:: TO DO ::
A faithful copy is required: transcribe each line below exactly, minus the pictures.

:: DATASET EXCERPT ::
+ + + + +

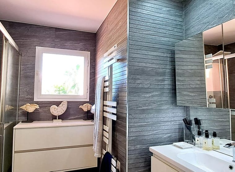 By entering the main level you find the south facing living/ dining area leading out to one of the four terraces, a modern & well equipped brand new kitchen, two bedrooms sharing the renovated modern shower room and as well a guest toilet.
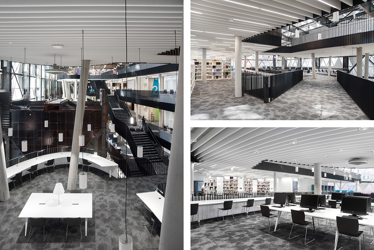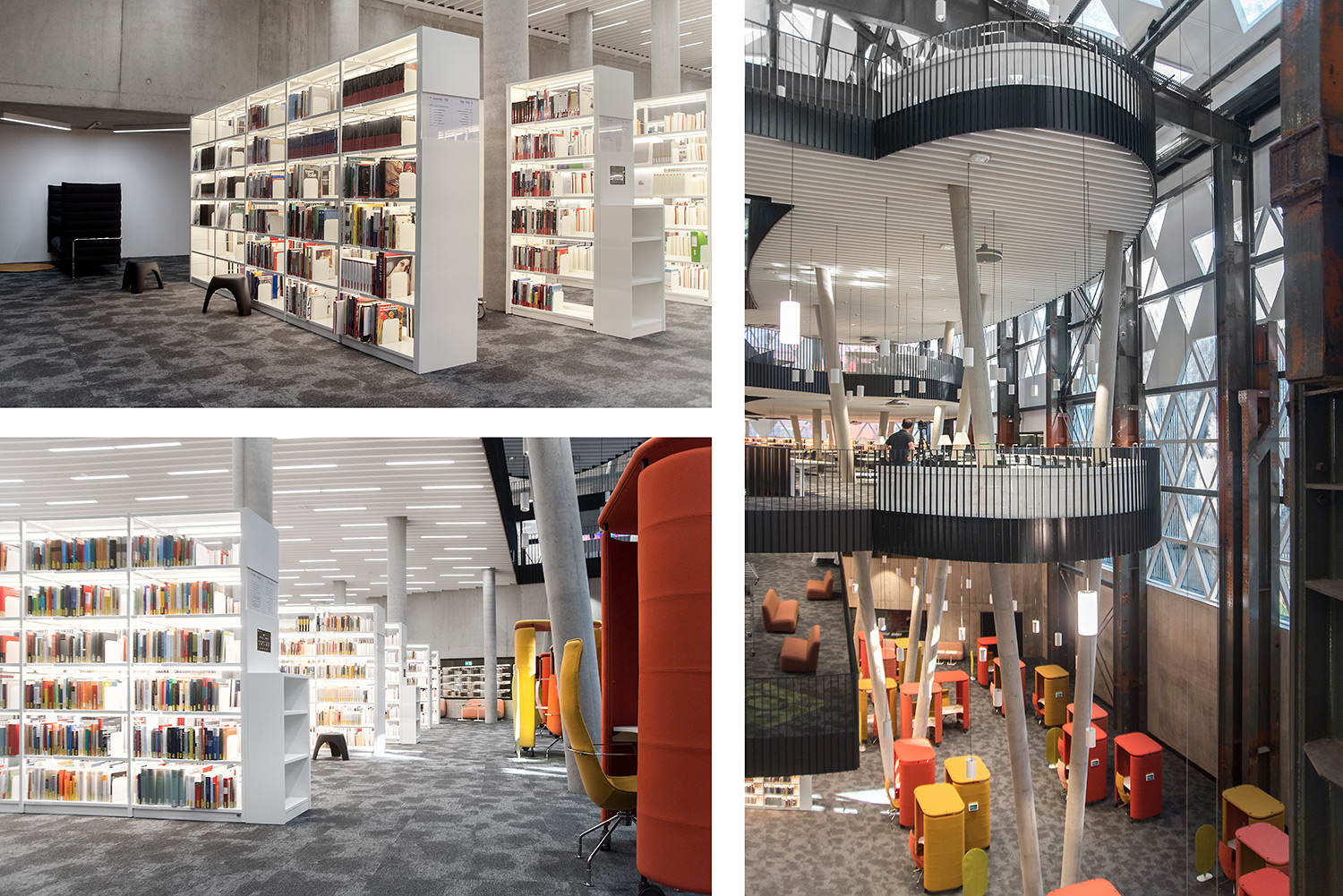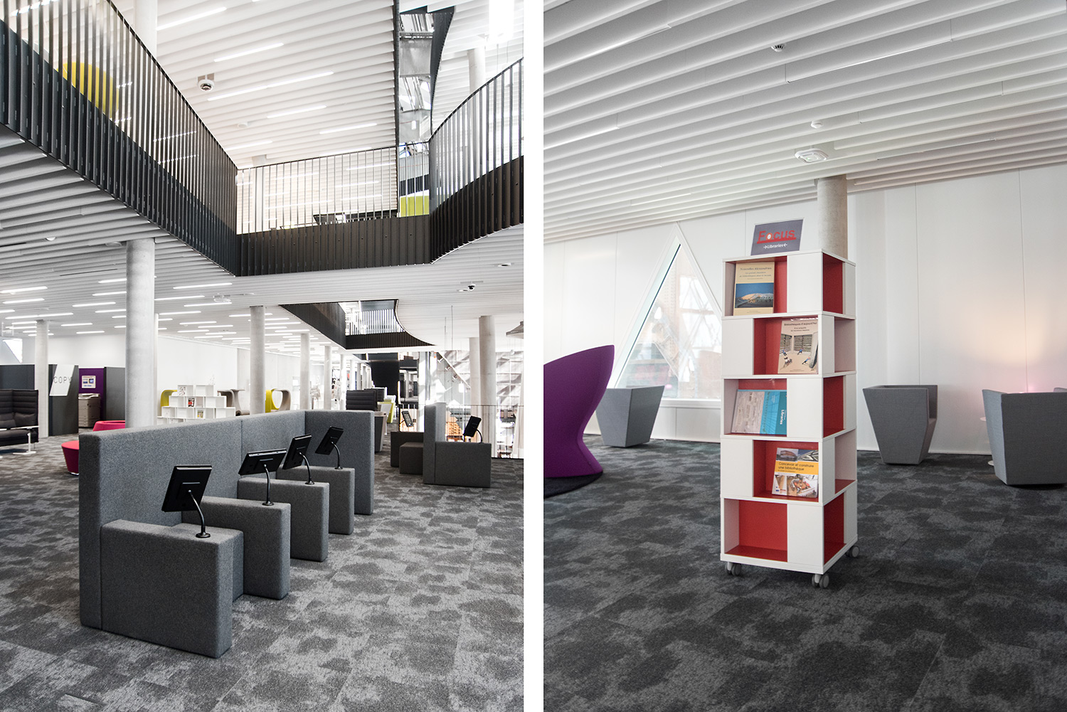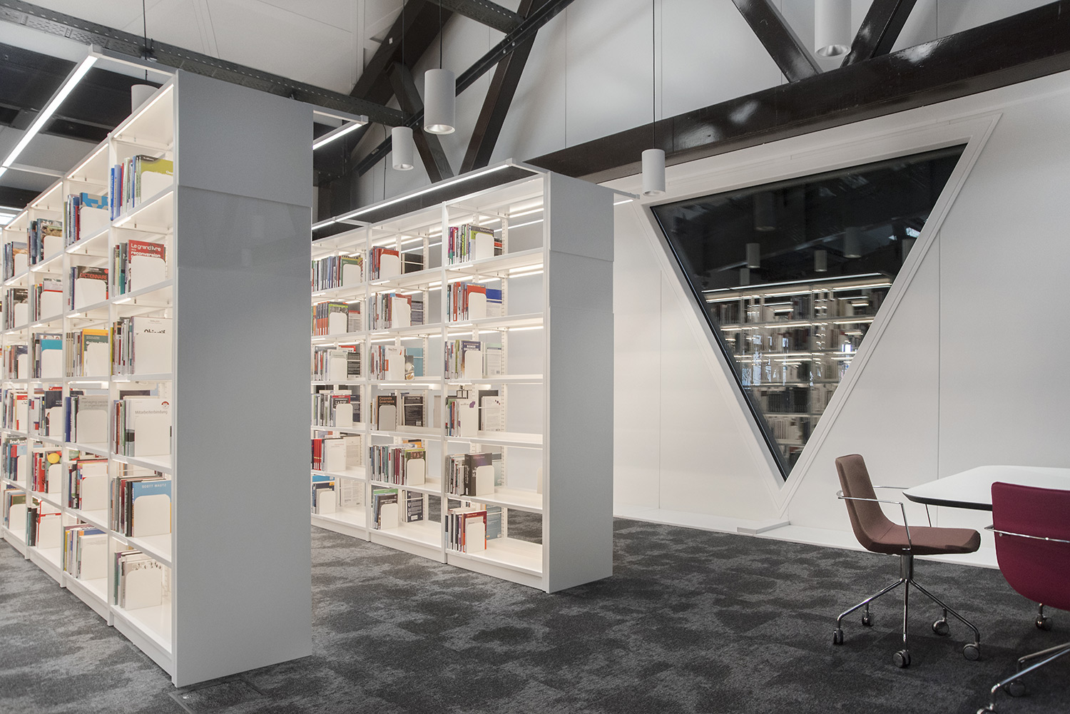 With its clear design and practical all day usability our Uniflex Shelving System with integrated LED lighting provides 10.7 km of shelf capacity spread over 5 floors.
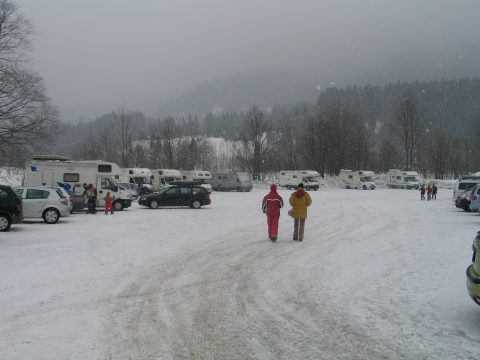 Nazadnje sva se le zbasala na parkirišče pri žičnicah - je Samo rezerviral spraznjeni parking. |

+ + + + +

:: SOLUTION ::
 By entering the main level you find the south facing living/ dining area leading out to one of the four terraces, a modern & well equipped brand new kitchen, two bedrooms sharing the renovated modern shower room and as well a guest toilet.
 With its clear design and practical all day usability our Uniflex Shelving System with integrated LED lighting provides 10.7 km of shelf capacity spread over 5 floors.
 Nazadnje sva se le zbasala na parkirišče pri žičnicah - je Samo rezerviral spraznjeni parking. |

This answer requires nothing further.